• **Description of the task**
Using the entries below, copy exactly each line from the line with "曾舜晞优酷站内首个破亿男性角" up to and including the line with "ASD 3547  SHOSTAKOVICH: VIOLIN", with every picture left out.

Segment Start: Supplied information

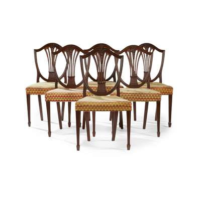 SET OF EIGHT GEORGIAN STYLE SHIELD-BACK MAHOGANY DINING CHAIRS
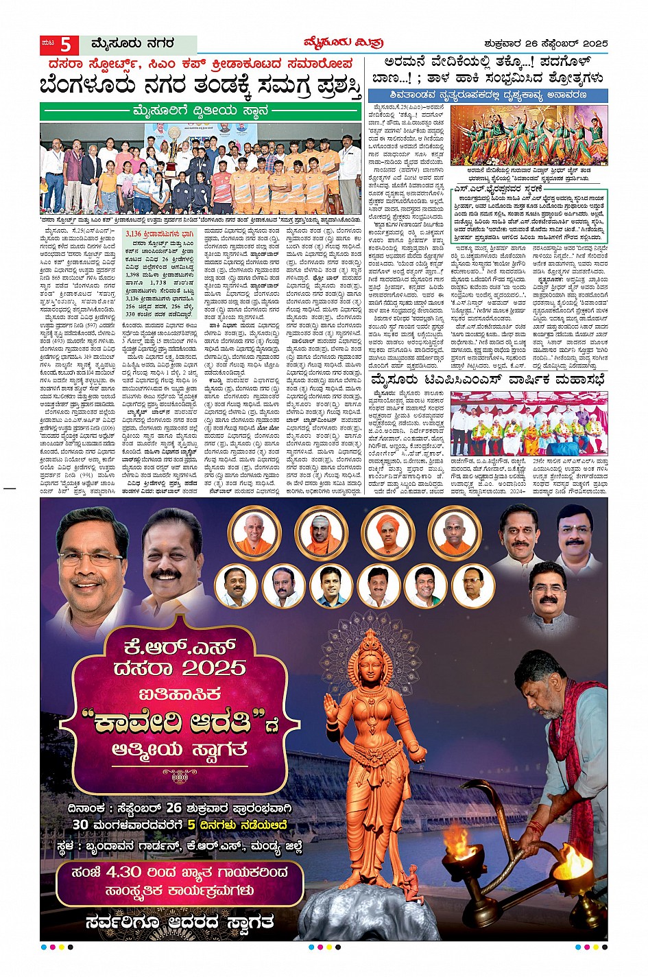 Mysuru Mithra Page: 5 September 26, 2025 << First << 5 >> Last >> Page 1Page 2Page 3Page 4Page 5Page 6Page 7Page 8Page 9Page 10Page 11Page 12 × Mysuru Mithra << First << 5 >> Last >> Page-1Page-2Page-3Page-4Page-5Page-6Page-7Page-8Page-9Page-10Page-11Page-12
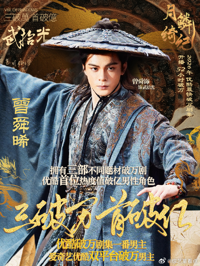 曾舜晞优酷站内首个破亿男性角色 最近的热度真的是遥遥领先啊,恭喜恭喜曾舜晞优酷站
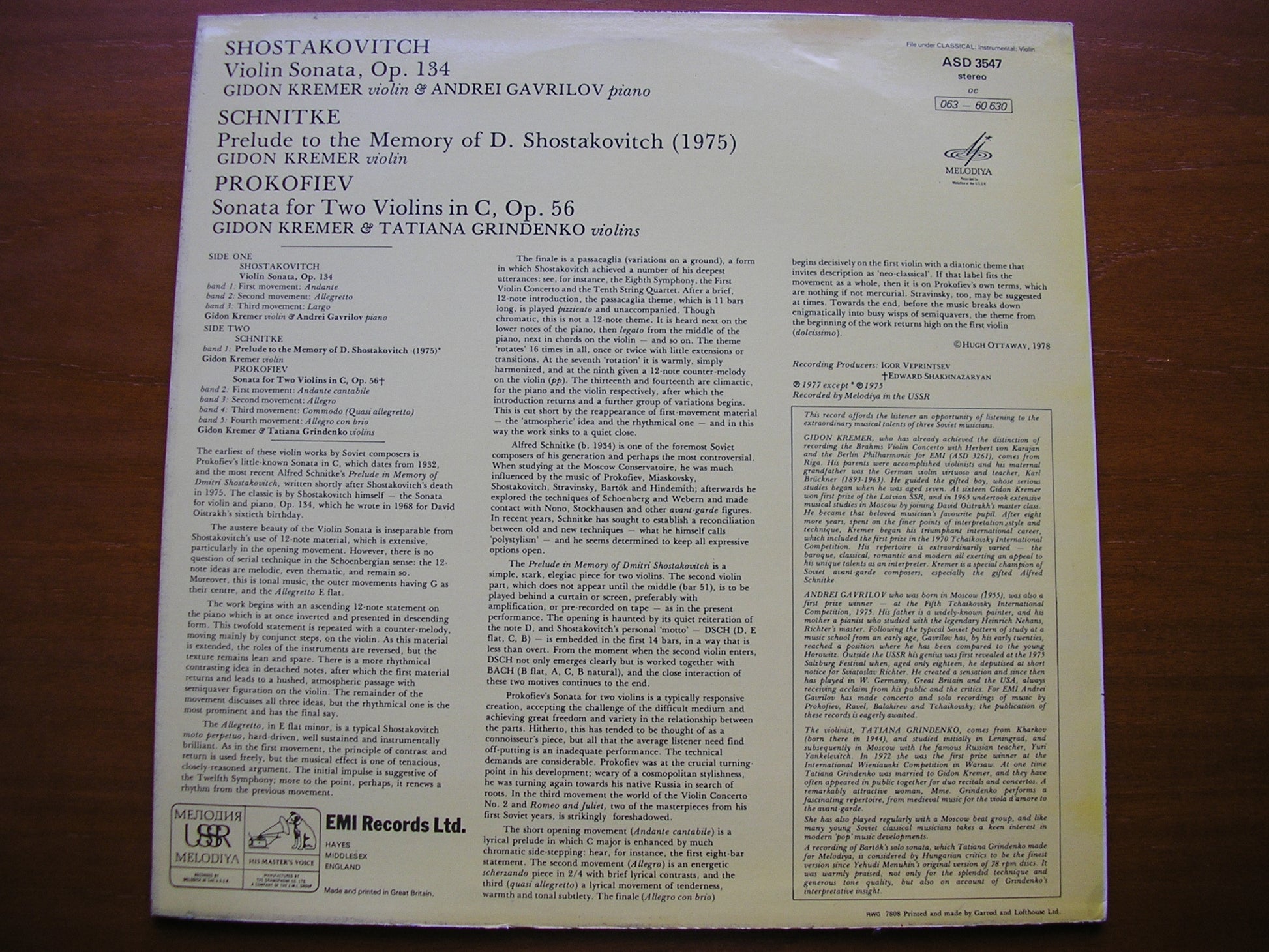 ASD 3547  SHOSTAKOVICH: VIOLIN SONATA Op. 134 / SCHNITKE: PRELUDE / PROKOFIEV: SONATA FOR TWO VIOLINS Op. 56    ANDREI GAVRILOV / GIDON KREMER /  TATIANA GRINDENKO
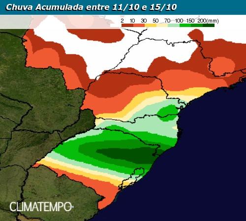 Veja o mapa de precipitação acumulada de 11/10 a 15/10 para o Sul do Brasil:

Segment End: Supplied information

• **Written solution**
 曾舜晞优酷站内首个破亿男性角色 最近的热度真的是遥遥领先啊,恭喜恭喜曾舜晞优酷站
 ASD 3547  SHOSTAKOVICH: VIOLIN SONATA Op. 134 / SCHNITKE: PRELUDE / PROKOFIEV: SONATA FOR TWO VIOLINS Op. 56    ANDREI GAVRILOV / GIDON KREMER /  TATIANA GRINDENKO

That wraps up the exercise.